Despite judging inflation to have peaked, the Bank said evidence suggested in its quarterly update on the UK economy that there was "no sign of increasing consumer confidence".
"Consumers remain cautious, focused on value, and prefer saving to overspending," it said.
It said while supermarkets had reported strong food sales growth, it was driven by price rises, with volumes staying flat.


The Bank said it expected food price inflation to remain higher this year before slowing in 2026, citing higher global agricultural prices.
"Households continue to change their shopping habits to reduce spending, such as buying more vegetables and reducing meat consumption," it reported.
Aside from food bills, childcare costs and caring obligations were leading some people to reduce their working hours or "even stop working", the Bank said.
"Fashion retailers report falling sales due to competition from the second-hand market," it said, adding that accommodation providers were seeing shorter stays and restaurants faced "weak demand" with lower spending per visit.
The Bank of England, which is independent of the government, sets interest rates in an attempt to try to keep consumer price rises under control.
Its base rate has an impact on the cost of borrowing for individuals and businesses, including mortgages, and also on returns on savings.
September's inflation figure of 3.8% was unchanged from August.

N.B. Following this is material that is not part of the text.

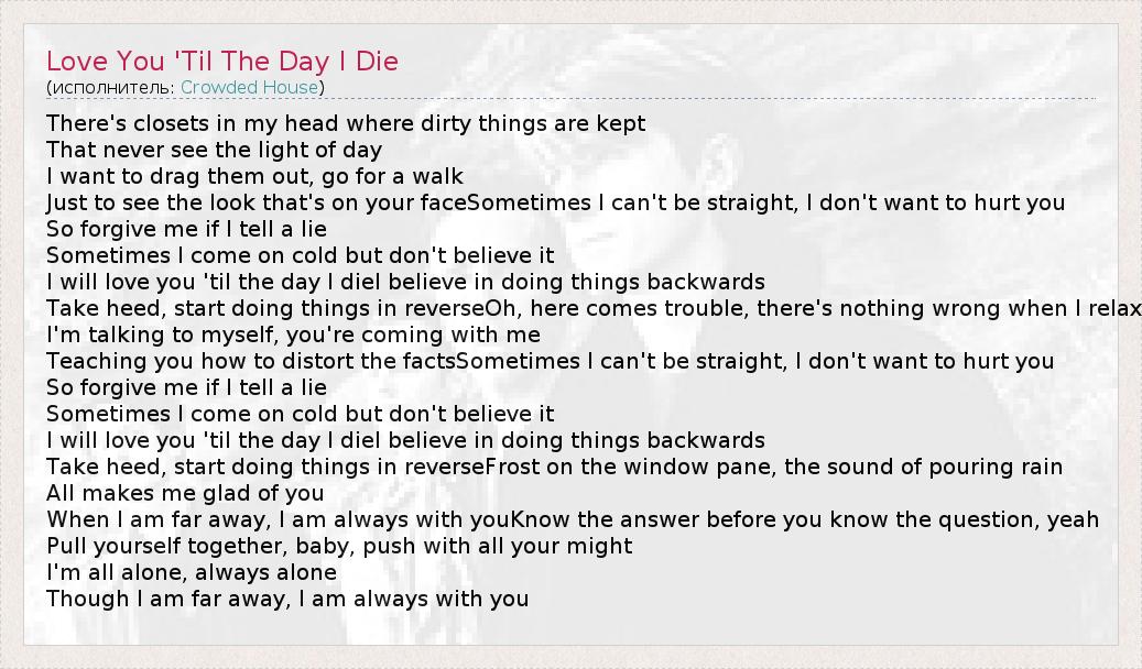 А как ты думаешь, о чем песня "Love You 'Til The Day I Die" ?
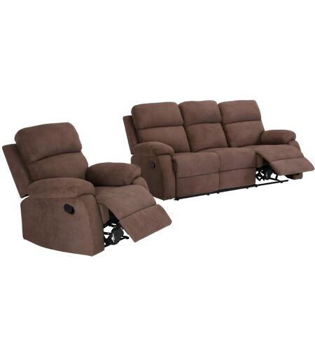 Canapé et fauteuil relax manuel en tissu marron TOLZANO. Dim 1pl : L91 x P96 x H100 cm. Dim 3pl : L201 x P96 x H100 cm. Tissu 100% polyester. Pieds métal. ...

The Bank said the rate had peaked and predicted it was likely to fall "close to 3% early next year" before gradually returning towards 2% in 2027.
Policymakers said the decision to hold rates at 4% was down to wage growth continuing to slow and price rises for services easing.
But it warned the current rates of wage growth and service price inflation needed to fall further for policymakers to be "confident that inflation will fall back to the 2% target".
Yael Selfin, chief economist at KPMG UK, said the close vote "underscores the uncertain backdrop policymakers are navigating ahead of the Budget".
However, she added the Bank's comments suggest "the door remains open for a rate cut at the December meeting".
In its latest Monetary Policy Report, the Bank said UK economic growth would be 1.5% this year, but estimated it would fall to 1.2% next year before rising to 1.6% in 2027 and 1.8% in 2028.
The government has made growing the economy its main priority as part of its efforts to boost living standards.
The Bank forecast the unemployment rate would hit 5% in the final three months of the year and remain around that level until 2028.
The theory behind increasing interest rates to tackle inflation is that by making borrowing more expensive, more people will cut back on spending and that leads to demand for goods falling and price rises easing.
But it is a balancing act, as high interest rates can harm the economy as businesses hold off from investing in production and jobs.